BEGIN ENTRIES PROVIDED

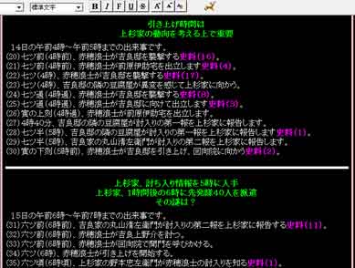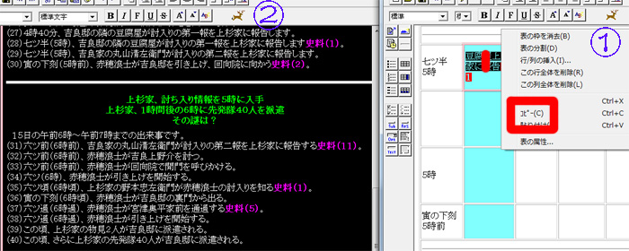 | 写真(1)は、忠臣蔵時刻表(討入り・引き上げなど)です。 (1)ビルダー3の作った膨大なデータ集です。 | ||||||
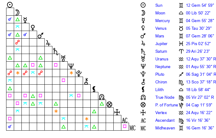 | Moon | 0 Libra 51 | 19 Virgo 43 | 27 Virgo 1 |
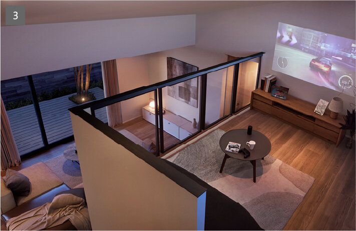 家族や友人たちと一緒に楽しくゲームで盛り上がったり、照明を落として非日常的なシアタールームに。
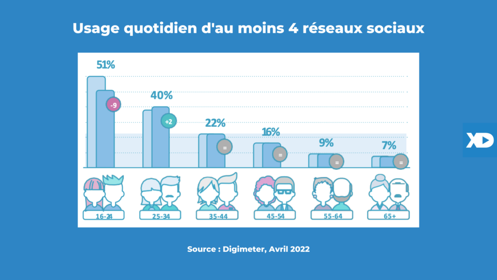 ✔️ Usage quotidien d’au moins 4 réseaux sociaux
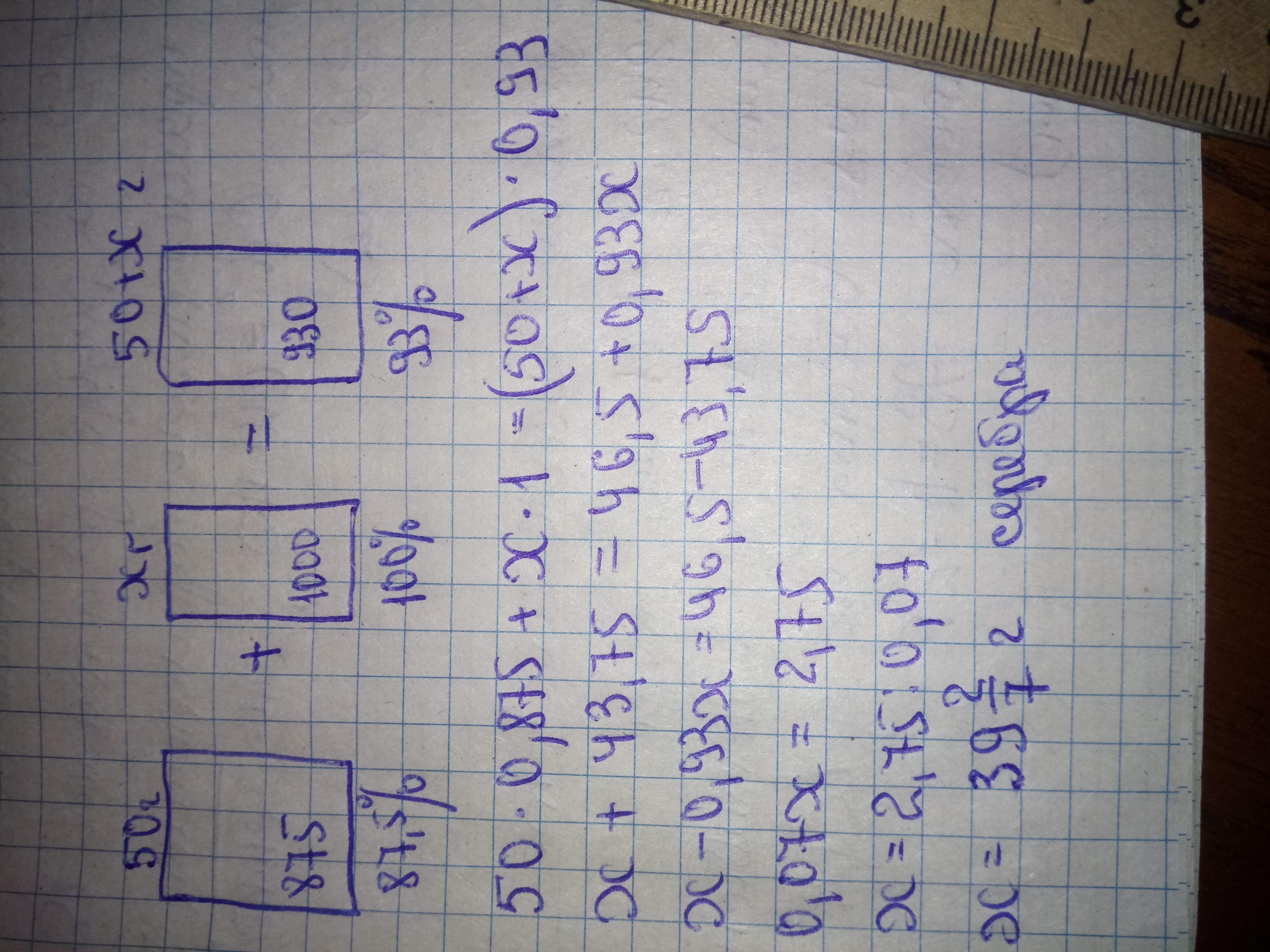 В обоих случаях одна и та же масса примесей, исходя из этого составим уравнение
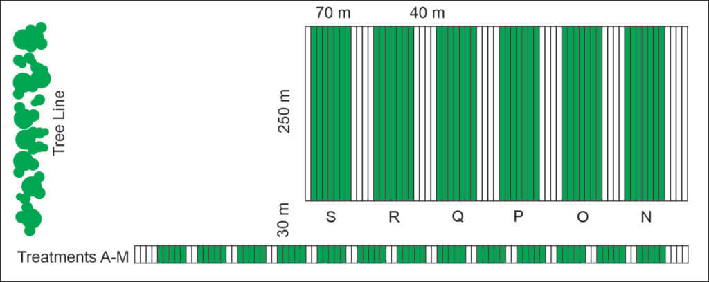 Given the greater potential for displacement and drift in this part of the study, we established wider and longer treatments blocks, and wider buffers between treatments. Each treatment was 250 m long, 70 m wide and a 40 m buffer was maintained between treatments (Figure 3).

END ENTRIES PROVIDED

■ TASK TO CARRY OUT
Please output each line above exactly and omit all images.

■ RESPONSE AREA
 | 写真(1)は、忠臣蔵時刻表(討入り・引き上げなど)です。 (1)ビルダー3の作った膨大なデータ集です。 | ||||||
 | Moon | 0 Libra 51 | 19 Virgo 43 | 27 Virgo 1 |
 家族や友人たちと一緒に楽しくゲームで盛り上がったり、照明を落として非日常的なシアタールームに。
 ✔️ Usage quotidien d’au moins 4 réseaux sociaux
 В обоих случаях одна и та же масса примесей, исходя из этого составим уравнение
 Given the greater potential for displacement and drift in this part of the study, we established wider and longer treatments blocks, and wider buffers between treatments. Each treatment was 250 m long, 70 m wide and a 40 m buffer was maintained between treatments (Figure 3).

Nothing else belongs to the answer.